The Politics of Masking

As many of us return to work and life in our Connecticut communities, we are continuing to face a new set of social expectations regarding health and safety as Covid-19 cases subside locally. Recommended measures still include social distancing and self quarantine if exposed, and we struggle with face masks despite the summer heat. All of these measures are advised in the hope that we can gain some control over a situation that still holds many variables and a disease that has turned our world upside down.

We should all be wearing face masks when in crowded groups and especially in public indoor settings to reduce contagion. This isn’t a political ploy to reduce liberties. It is not a theory—it is established science. Wearing a mask reduces transmission rates of expelled particles and the inhalation of infective matter. Despite these facts, some don’t believe in its effectiveness . Others struggle with the inconvenience, wear them incorrectly, or remove them altogether when they are needed most.

Poster issued by the Connecticut State Council of Defense, 1918.

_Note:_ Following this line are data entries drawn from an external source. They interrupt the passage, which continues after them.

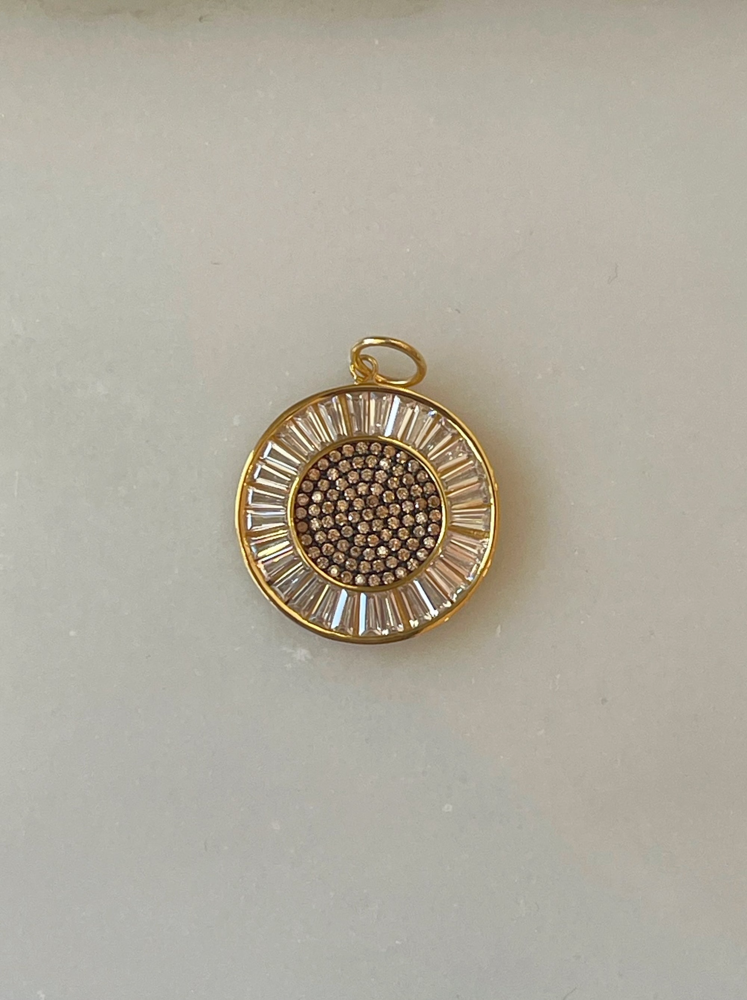 Eye-catching elegance. Gorgeous medallion style charm embellished with round & baguette style crystals.
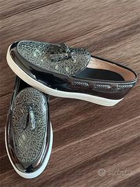 Scarpe da uomo eleganti taglia 42, nuove mai indossate. Design moderno con tomaia lucida nera e dettagli geometrici raffinati sul davanti.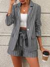 SHEIN LUNE 條紋印花西裝領西裝外套&紙袋腰附腰帶短褲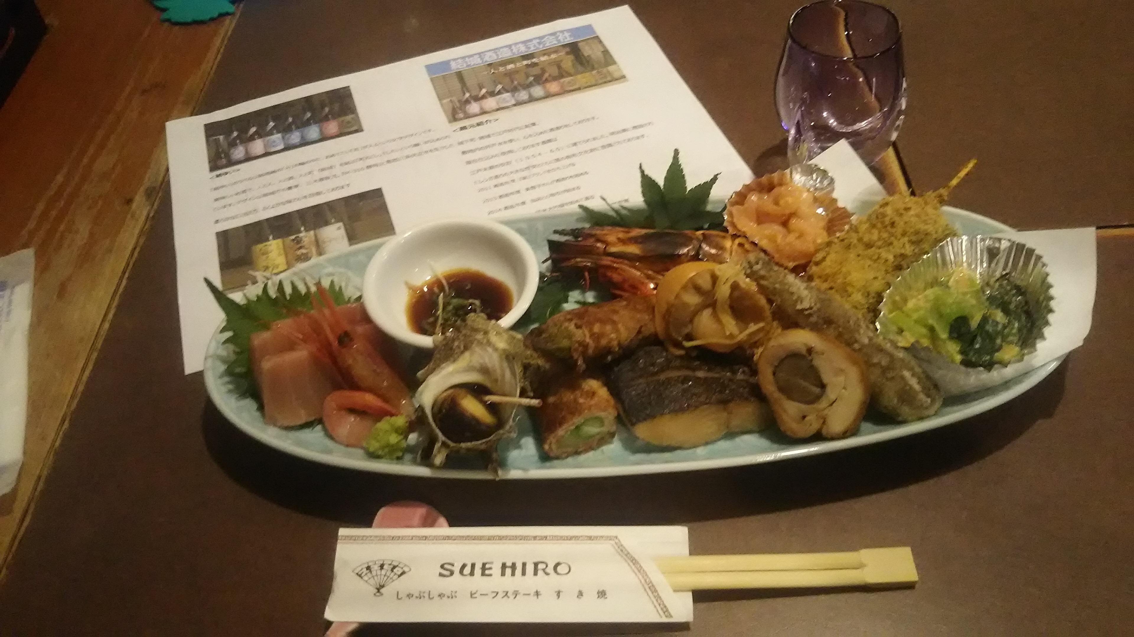 その後、純米大吟醸の3年分(2015、2016、2017)呑み比べを行い、最後には『お楽しみ大抽選会』で大いに盛り上がりました。会場となりました銀座スエヒロ様のお料理は毎回好評を頂いており、今回も期待を裏切らない美味しさでした。簡単にメニューをご紹介しますね。前菜は豪華8点盛、プラスお造り2点盛、生ハムとレタスのサラダ、アユの田楽、一口ステーキ お茶漬けです。

We have dealt with these issues before as a country. During the Spanish Influenza pandemic in 1918, United States public health authorities recommended masks for doctors, nurses and anyone taking care of flu patients. The understanding that dangerous microorganisms could be expelled in our breath and that masks could reduce transmission were developing theories just gaining wider acceptance by scientists prior to the turn of the 20th century. Since not all physicians were convinced by the efficacy of mask use, there were, not surprisingly, pockets of mask deniers and resistance when health officials recommended them to the general public. To counter hesitation and encourage use, newspapers provided instructions on how to make masks at home and published images of people wearing masks—much like those we see today.

Indianapolis Star, November 19, 1918

Public service announcements in print and on early movie screens around the country urged cold sufferers to stay home, cover their mouths and noses when coughing or sneezing and to wear masks to avoid the risk of infection. Some cities like San Francisco and Seattle passed laws requiring masks in public and there were fines issued and imprisonment for the non-compliant. In response to this perceived government overreach, anti-mask leagues formed and held rallies.

A policeman takes in a citizen for not wearing a flu mask properly in San Francisco, 1918.

Just as today, regulations were not consistent across the country, and there was no national policy regarding use. No mask laws were enacted in Connecticut or in any of the East Coast states despite large numbers of densely populated cities with high infection rates. Measures taken locally were accepted with a typical New England can-do attitude toward a new challenge. Instead of anti-mask news reports, the Bridgeport Telegraph would include rather comical morning check lists that asked the reader, “Do you have your ‘flu’ mask on straight?”

Perhaps one of the reasons why our residents didn’t make a big deal about wearing masks was the robust local anti-tuberculosis initiative in the preceding years that encouraged public awareness of disease transmission and unsanitary behavior. These campaigns were often directed toward boys and men who continued such unhealthy habits as public spitting. Posters depicting men politely turning their head to cough into a handkerchief were used to transform staid hygiene rules into emblems of patriotism and social responsibility. In 1918, a simple handkerchief was considered an important public health tool as it was more readily used than masks by men. Men were less inclined to wear face coverings because they thought it was shameful and feminine. Unfortunately, this stigma continues to this day as recent surveys report many males describe mask wearing as “not cool,” and “a sign of weakness.”

Poster on left issued by the National Tuberculosis Association, 1918. Poster on the right issued by the U.S. Public Health Service, 1918.

Girls and women are thought to have adopted the masks more easily since they were caregivers, but their use of face coverings was probably encouraged by milliners advertising fabric barriers as fashion accessories. All the rage in the fall of 1918, particularly with a fringe of chiffon in taupe shades were “flu veils.” Marketed as impervious to germs and treated with disinfectants, many of these looks were playfully mocked in the media. In truth, the thin, lacy fabrics probably offered little to no protection, but they were certainly creative attempts to make the best of a difficult situation.

The “Safety First” Veil designed by Stern & Stern Women’s Wear Daily, October 23, 1918.

Fun, innovative and expressive masks are everywhere today just as they were during the 1918 pandemic and just like then, we contribute to the good health of our whole community by wearing masks during these challenging times. Let’s set good examples of responsibility and stewardship. We may not feel we are doing much by covering up, but with no clear end in sight for Covid-19, it might be good to consider the words of the famed sanitation engineer George Soper who discovered Mary Mallon- the Typhoid Mary of New York City. In his assessment of the 1918 pandemic, he addressed the use of face masks as follows:

“…if doubt arises as to the probable efficacy of measures which seem so lacking in specificity it must be remembered that it is better for the public morale to be doing something than nothing and the general health will not suffer for the additional care which is given to it. To do otherwise would constitute an unacceptable passivity in the face of a deadly disease.”

How true his words ring over a hundred years later—let’s listen to sound advise this time around.